>>>
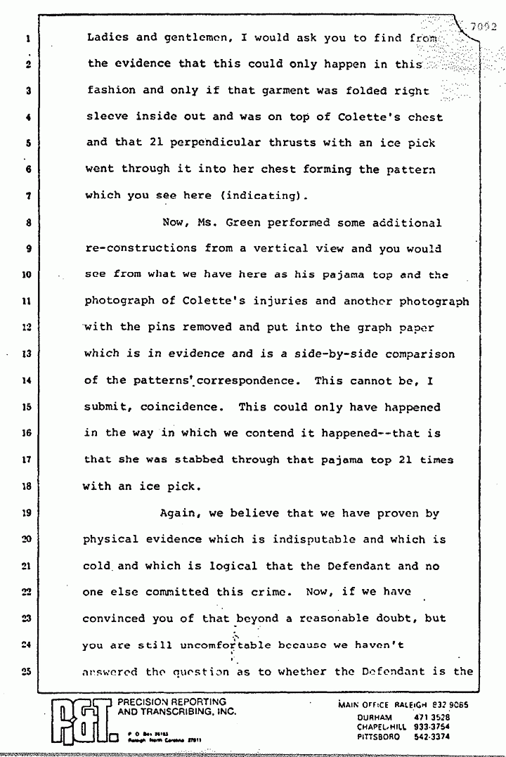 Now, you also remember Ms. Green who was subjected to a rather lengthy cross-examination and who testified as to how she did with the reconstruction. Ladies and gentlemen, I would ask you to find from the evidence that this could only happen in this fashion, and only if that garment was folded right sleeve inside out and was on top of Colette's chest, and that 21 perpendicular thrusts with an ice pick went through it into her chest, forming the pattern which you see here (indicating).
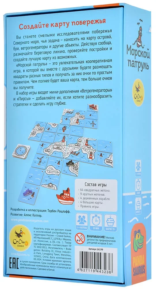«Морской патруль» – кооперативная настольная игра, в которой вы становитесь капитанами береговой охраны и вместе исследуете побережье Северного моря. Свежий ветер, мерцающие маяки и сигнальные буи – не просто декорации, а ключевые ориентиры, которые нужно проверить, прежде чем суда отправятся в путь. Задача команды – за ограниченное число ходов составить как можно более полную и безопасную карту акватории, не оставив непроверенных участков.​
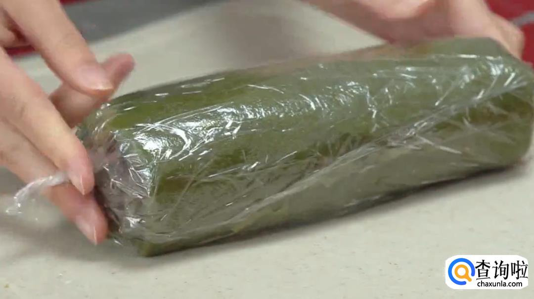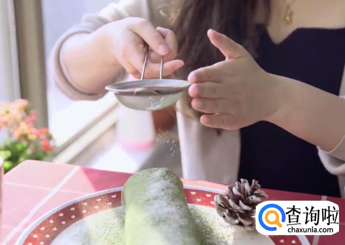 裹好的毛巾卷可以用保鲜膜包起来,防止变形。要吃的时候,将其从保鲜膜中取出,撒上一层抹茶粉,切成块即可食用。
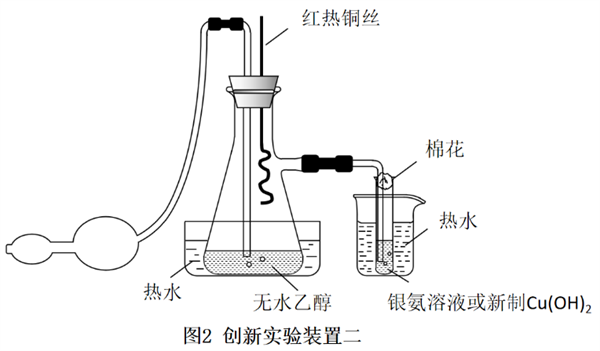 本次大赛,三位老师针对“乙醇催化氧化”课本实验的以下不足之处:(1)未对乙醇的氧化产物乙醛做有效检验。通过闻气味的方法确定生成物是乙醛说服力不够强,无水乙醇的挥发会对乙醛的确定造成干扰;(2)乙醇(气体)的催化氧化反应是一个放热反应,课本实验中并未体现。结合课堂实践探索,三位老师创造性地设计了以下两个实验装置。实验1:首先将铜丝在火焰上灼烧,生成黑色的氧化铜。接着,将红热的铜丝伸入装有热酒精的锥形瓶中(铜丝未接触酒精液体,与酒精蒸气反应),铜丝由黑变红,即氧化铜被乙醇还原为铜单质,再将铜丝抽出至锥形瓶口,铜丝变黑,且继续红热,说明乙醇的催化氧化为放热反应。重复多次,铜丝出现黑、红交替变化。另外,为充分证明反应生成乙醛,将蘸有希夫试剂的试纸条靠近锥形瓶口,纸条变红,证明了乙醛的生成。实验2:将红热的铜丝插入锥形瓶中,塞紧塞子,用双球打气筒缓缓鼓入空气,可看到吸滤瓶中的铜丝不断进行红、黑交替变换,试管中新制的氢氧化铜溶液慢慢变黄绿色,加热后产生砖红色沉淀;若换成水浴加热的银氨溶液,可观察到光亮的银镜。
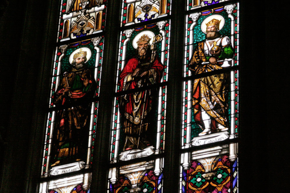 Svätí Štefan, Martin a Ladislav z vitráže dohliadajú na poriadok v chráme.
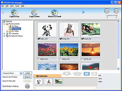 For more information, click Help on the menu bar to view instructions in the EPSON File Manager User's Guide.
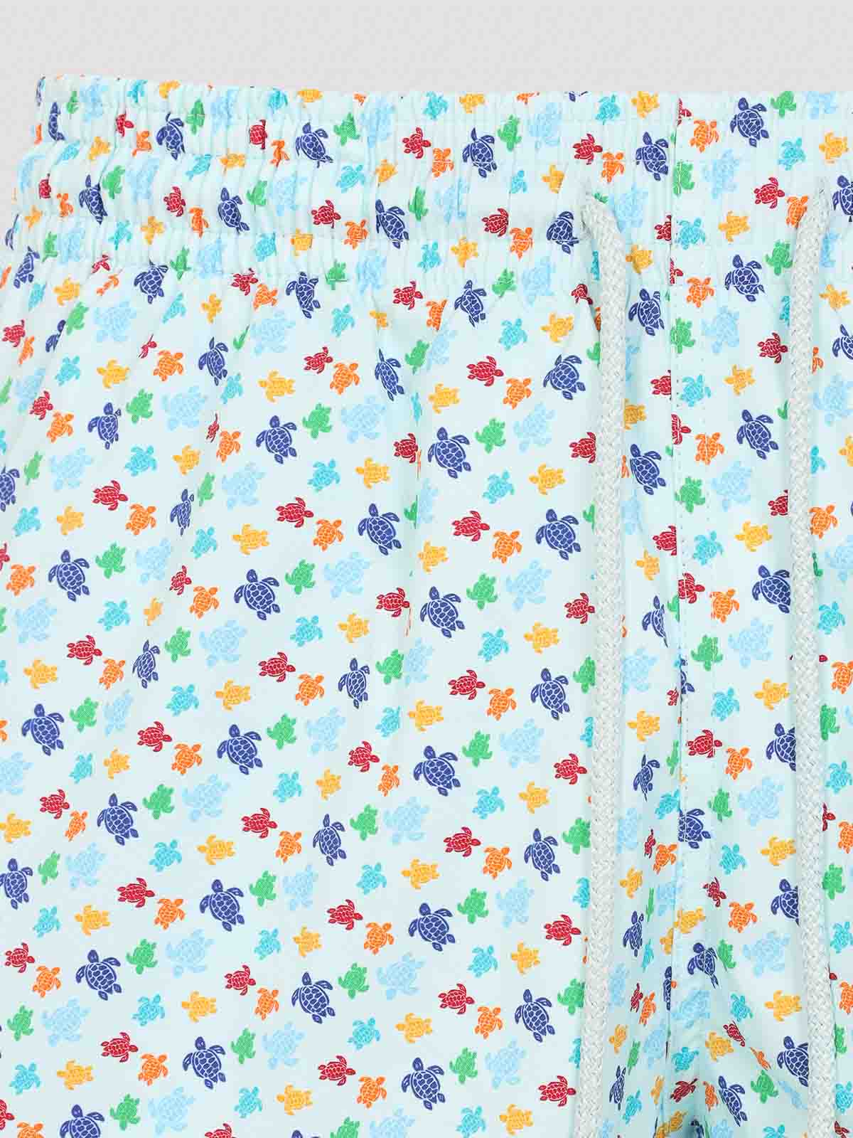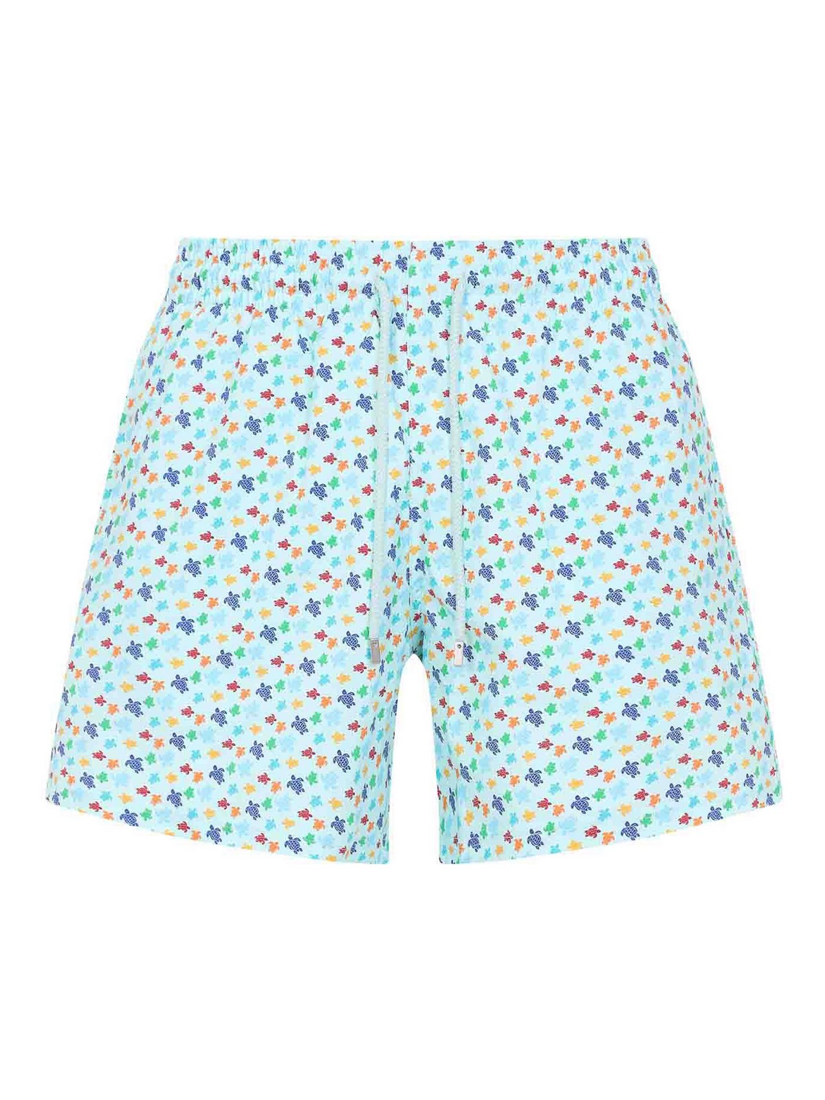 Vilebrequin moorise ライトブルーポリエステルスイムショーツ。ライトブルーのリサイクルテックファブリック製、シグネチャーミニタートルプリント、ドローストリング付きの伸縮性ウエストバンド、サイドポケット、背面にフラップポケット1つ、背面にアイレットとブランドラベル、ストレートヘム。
<<<
• [Prompt] Omit every picture while transcribing the records above exactly.

• [Result below]
 Now, you also remember Ms. Green who was subjected to a rather lengthy cross-examination and who testified as to how she did with the reconstruction. Ladies and gentlemen, I would ask you to find from the evidence that this could only happen in this fashion, and only if that garment was folded right sleeve inside out and was on top of Colette's chest, and that 21 perpendicular thrusts with an ice pick went through it into her chest, forming the pattern which you see here (indicating).
«Морской патруль» – кооперативная настольная игра, в которой вы становитесь капитанами береговой охраны и вместе исследуете побережье Северного моря. Свежий ветер, мерцающие маяки и сигнальные буи – не просто декорации, а ключевые ориентиры, которые нужно проверить, прежде чем суда отправятся в путь. Задача команды – за ограниченное число ходов составить как можно более полную и безопасную карту акватории, не оставив непроверенных участков.​
 裹好的毛巾卷可以用保鲜膜包起来,防止变形。要吃的时候,将其从保鲜膜中取出,撒上一层抹茶粉,切成块即可食用。
 本次大赛,三位老师针对“乙醇催化氧化”课本实验的以下不足之处:(1)未对乙醇的氧化产物乙醛做有效检验。通过闻气味的方法确定生成物是乙醛说服力不够强,无水乙醇的挥发会对乙醛的确定造成干扰;(2)乙醇(气体)的催化氧化反应是一个放热反应,课本实验中并未体现。结合课堂实践探索,三位老师创造性地设计了以下两个实验装置。实验1:首先将铜丝在火焰上灼烧,生成黑色的氧化铜。接着,将红热的铜丝伸入装有热酒精的锥形瓶中(铜丝未接触酒精液体,与酒精蒸气反应),铜丝由黑变红,即氧化铜被乙醇还原为铜单质,再将铜丝抽出至锥形瓶口,铜丝变黑,且继续红热,说明乙醇的催化氧化为放热反应。重复多次,铜丝出现黑、红交替变化。另外,为充分证明反应生成乙醛,将蘸有希夫试剂的试纸条靠近锥形瓶口,纸条变红,证明了乙醛的生成。实验2:将红热的铜丝插入锥形瓶中,塞紧塞子,用双球打气筒缓缓鼓入空气,可看到吸滤瓶中的铜丝不断进行红、黑交替变换,试管中新制的氢氧化铜溶液慢慢变黄绿色,加热后产生砖红色沉淀;若换成水浴加热的银氨溶液,可观察到光亮的银镜。
 Svätí Štefan, Martin a Ladislav z vitráže dohliadajú na poriadok v chráme.
 For more information, click Help on the menu bar to view instructions in the EPSON File Manager User's Guide.
 Vilebrequin moorise ライトブルーポリエステルスイムショーツ。ライトブルーのリサイクルテックファブリック製、シグネチャーミニタートルプリント、ドローストリング付きの伸縮性ウエストバンド、サイドポケット、背面にフラップポケット1つ、背面にアイレットとブランドラベル、ストレートヘム。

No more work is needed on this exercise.